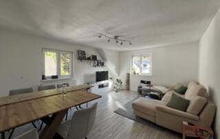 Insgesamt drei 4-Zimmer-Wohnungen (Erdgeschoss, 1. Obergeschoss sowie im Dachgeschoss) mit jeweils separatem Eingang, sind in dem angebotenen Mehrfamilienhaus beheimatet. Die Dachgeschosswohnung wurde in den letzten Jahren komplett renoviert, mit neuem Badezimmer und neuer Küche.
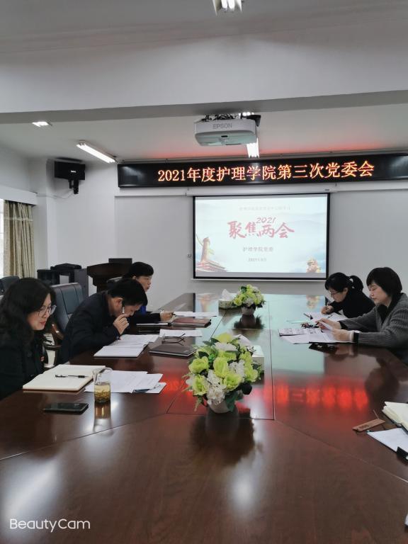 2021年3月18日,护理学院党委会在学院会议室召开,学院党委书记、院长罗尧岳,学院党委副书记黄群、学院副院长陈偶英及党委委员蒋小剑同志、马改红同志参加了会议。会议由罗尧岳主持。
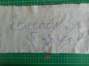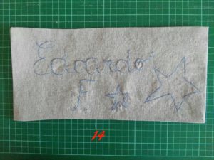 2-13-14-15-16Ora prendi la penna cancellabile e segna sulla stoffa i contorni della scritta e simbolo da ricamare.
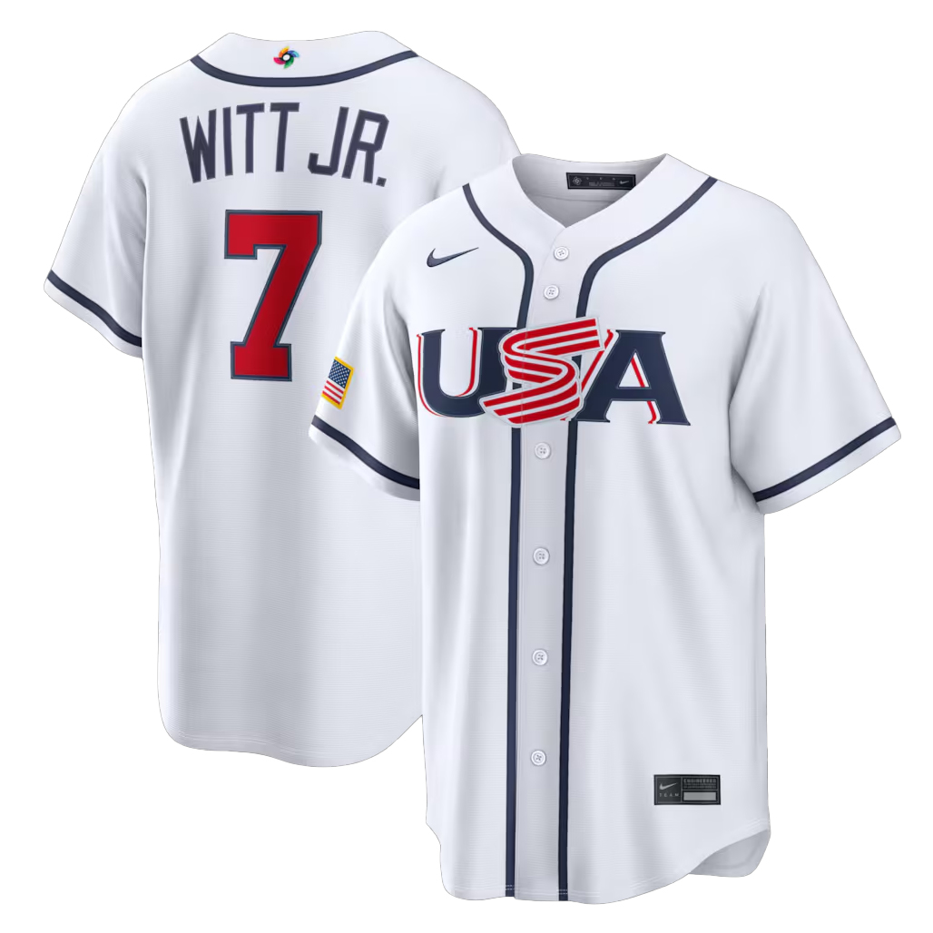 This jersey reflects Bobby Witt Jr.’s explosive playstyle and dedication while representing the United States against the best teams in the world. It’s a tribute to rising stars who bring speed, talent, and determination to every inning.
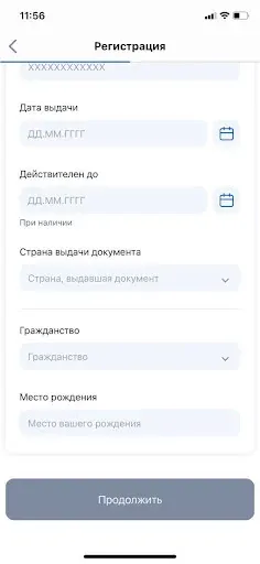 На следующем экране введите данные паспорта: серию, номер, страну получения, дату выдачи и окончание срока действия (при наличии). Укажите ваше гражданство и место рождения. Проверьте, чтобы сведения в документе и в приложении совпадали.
----------------------------------------
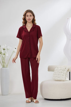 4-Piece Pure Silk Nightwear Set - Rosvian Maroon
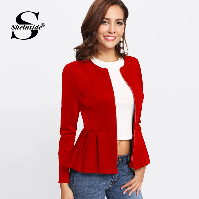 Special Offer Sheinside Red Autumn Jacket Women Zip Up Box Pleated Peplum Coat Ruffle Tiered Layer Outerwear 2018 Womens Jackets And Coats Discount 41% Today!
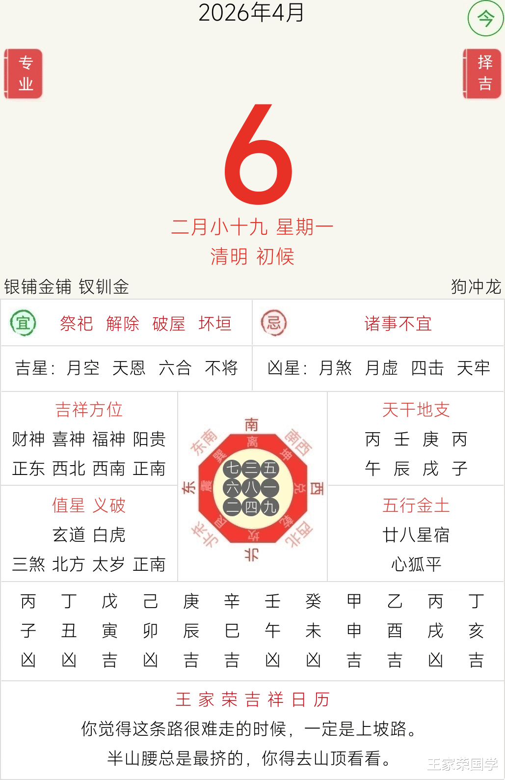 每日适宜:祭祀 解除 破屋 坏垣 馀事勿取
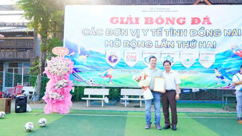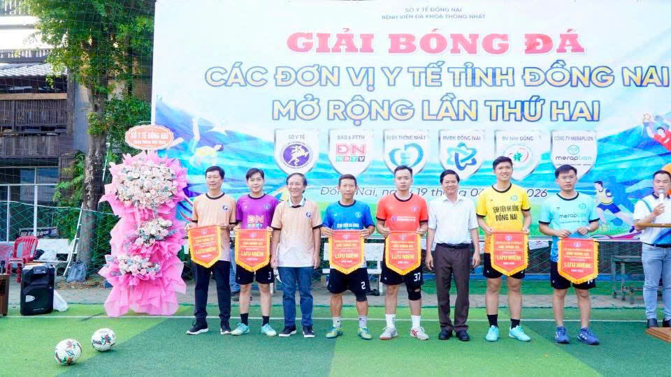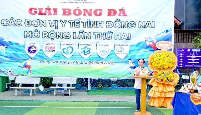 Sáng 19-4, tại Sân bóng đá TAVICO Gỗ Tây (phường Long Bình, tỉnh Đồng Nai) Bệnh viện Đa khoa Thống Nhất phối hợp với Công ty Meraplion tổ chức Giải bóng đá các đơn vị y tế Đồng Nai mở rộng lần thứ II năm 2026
----------------------------------------
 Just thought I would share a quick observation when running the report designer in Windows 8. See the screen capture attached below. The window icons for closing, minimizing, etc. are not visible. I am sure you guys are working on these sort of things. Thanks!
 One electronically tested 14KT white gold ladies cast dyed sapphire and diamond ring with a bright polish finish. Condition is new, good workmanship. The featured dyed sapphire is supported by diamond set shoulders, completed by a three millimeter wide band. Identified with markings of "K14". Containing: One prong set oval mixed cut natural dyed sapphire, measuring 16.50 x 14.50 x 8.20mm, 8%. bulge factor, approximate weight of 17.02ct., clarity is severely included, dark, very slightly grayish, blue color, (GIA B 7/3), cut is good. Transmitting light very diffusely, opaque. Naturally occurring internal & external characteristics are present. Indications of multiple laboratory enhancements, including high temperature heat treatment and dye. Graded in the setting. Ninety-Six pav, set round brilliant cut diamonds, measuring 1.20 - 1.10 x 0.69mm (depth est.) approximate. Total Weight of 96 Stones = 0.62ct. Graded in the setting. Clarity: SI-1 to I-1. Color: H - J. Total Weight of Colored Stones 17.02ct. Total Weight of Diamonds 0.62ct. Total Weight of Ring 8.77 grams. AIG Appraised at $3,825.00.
----------------------------------------
» Prompt:
Could the stretch from the line with "Insgesamt drei 4-Zimmer-Wohnungen" through the line with "2-13-14-15-16Ora prendi la" in the listing above be restated word for word, minus the pictures?

» Response for this exercise:
 Insgesamt drei 4-Zimmer-Wohnungen (Erdgeschoss, 1. Obergeschoss sowie im Dachgeschoss) mit jeweils separatem Eingang, sind in dem angebotenen Mehrfamilienhaus beheimatet. Die Dachgeschosswohnung wurde in den letzten Jahren komplett renoviert, mit neuem Badezimmer und neuer Küche.
 2021年3月18日,护理学院党委会在学院会议室召开,学院党委书记、院长罗尧岳,学院党委副书记黄群、学院副院长陈偶英及党委委员蒋小剑同志、马改红同志参加了会议。会议由罗尧岳主持。
 2-13-14-15-16Ora prendi la penna cancellabile e segna sulla stoffa i contorni della scritta e simbolo da ricamare.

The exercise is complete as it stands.